Connection Ownership and Task Affinity

  • A local MCPServer owns its transport, ClientSession, and AsyncExitStack from connect() through cleanup(). Partial connection failure still requires closing every context already entered.
  • Some MCP transports use AnyIO cancel scopes that require connection and cleanup in the same task. Do not wrap either operation in a helper that silently creates another task.
  • MCPServerManager preserves task affinity in sequential mode and uses one long-lived worker task per server in parallel mode. Timeouts must run inside that owning task; on Python versions without asyncio.timeout(), cancel the current worker task and translate only timer-originated cancellation to TimeoutError.
  • Cleanup runs servers in reverse order and continues across ordinary cleanup failures.

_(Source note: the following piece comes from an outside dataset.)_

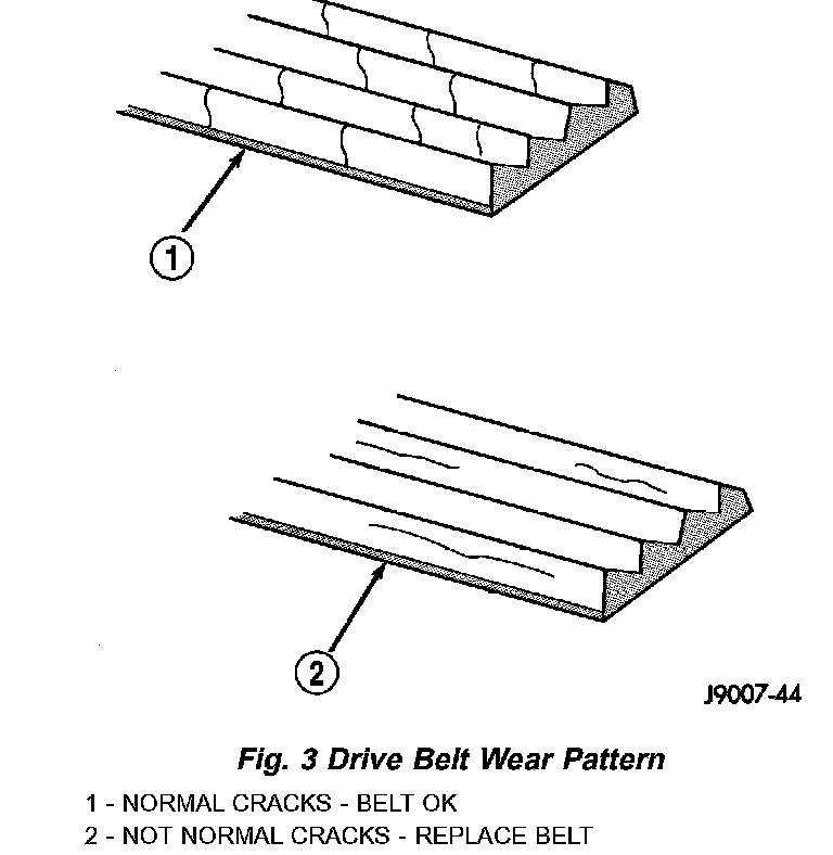 Poly-V Belt system may develop minor cracks across the ribbed side (due to reverse bending). These minor cracks are considered normal and acceptable. Parallel cracks are not (Fig. 3).

Cancellation suppression is an explicit manager policy; do not accidentally convert unrelated BaseException failures into recoverable connection errors.
  • Server cleanup must clear session and transport-visible state even when exit-stack cleanup raises, so the same server object can reconnect without exposing stale session handles or workers.

Manager State

  • Keep configured servers, connected servers, failed servers, active servers, and per-server errors as distinct views. active_servers is the agent-facing list; with drop_failed_servers=True it excludes failed connections while preserving configured order.
  • Non-strict connection records failures and continues with the connected subset. Strict connection cleans up work started by the failed attempt and restores the previous coherent active state before raising.
  • reconnect(failed_only=True) retries the deduplicated failed set without disturbing healthy connections. A full reconnect cleans up all servers first and rebuilds manager state.
  • Parallel connection still needs deterministic per-server state and complete cleanup after cancellation or one hard failure. Do not let completion order decide active_servers, failed_servers, or which workers remain registered.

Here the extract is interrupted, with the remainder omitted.